Die Unwirtschaftlichkeit von S21 hat auch eine strafrechtliche Dimension: Aufsichtsräte und Manager, die wissentlich unwirtschaftliche Entscheidungen zu Lasten ihres Unternehmens treffen, machen sich der Untreue schuldig. Schon 2013, als nach massiver Intervention des damaligen Kanzleramtsministers Pofalla der DB-Aufsichtsrat zu einem Weiterbaubeschluss trotz Kostensteigerung über die Wirtschaftlichkeitsgrenze hinaus genötigt wurde, erstattete Eisenhart von Loeper, Rechtsanwalt und Sprecher des Aktionsbündnisses gegen S21, zusammen mit dem ehemaligen Vorsitzenden Richter am Landgericht Stuttgart, Dieter Reicherter, Anzeige gegen die DB-Verantwortlichen.

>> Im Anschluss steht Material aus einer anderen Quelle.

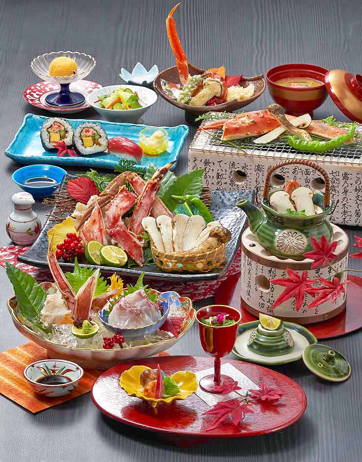 「かにと松茸の炭火焼会席 錦木(にしきぎ)」

Mit routinierter Regelmäßigkeit weigern sich Berliner Staatsanwaltschaft und Generalstaatsanwaltschaft, Ermittlungen aufzunehmen, obwohl die Anzeigeerstatter ein unabhängiges Rechtsgutachten2, fachliche Stellungnahmen3 und weitere Belege einbrachten. So hatte Bahnchef Lutz im Verkehrsausschuss des Bundestags erklärt, „mit dem Wissen von heute würde man das Projekt nicht mehr bauen“4 und der in den Zeiten der S21-Vertragsabschlüsse im DB-Vorstand für Infrastruktur zuständige Thilo Sarrazin äußerte ebenfalls im Verkehrsausschuss, es sei seinerzeit „aus völlig irrationalen Gründen […] ein politisches Lieblingsprojekt“ gefördert worden, das „komplett unwirtschaftlich“ sei und die Kapazität des Bahnhofs verkleinern werde.5
Man wolle Lehren aus Stuttgart 21 ziehen, so der oft zu hörende Refrain zu dem, was der baden-württembergische Verkehrsminister Winfried Hermann „die größte Fehlentscheidung der Bahngeschichte“ nennt. Wenn es keine juristische Aufarbeitung des Debakels gibt, bei dem am Ende die Steuerzahlenden mit vielen Milliarden für ein absurdes Rückbauprojekt gerade stehen müssen, dann werden jetzige und künftig Verantwortliche daraus lernen: passiert ja nichts, weiter so!
Stand der Dinge: Die Sache liegt jetzt beim Grünen Berliner Justizsenator Dirk Behrendt. Er ist aufgefordert, seine Staatsanwälte zum Jagen zu tragen, bzw. ihnen dafür die nötigen Ressourcen zur Verfügung zu stellen.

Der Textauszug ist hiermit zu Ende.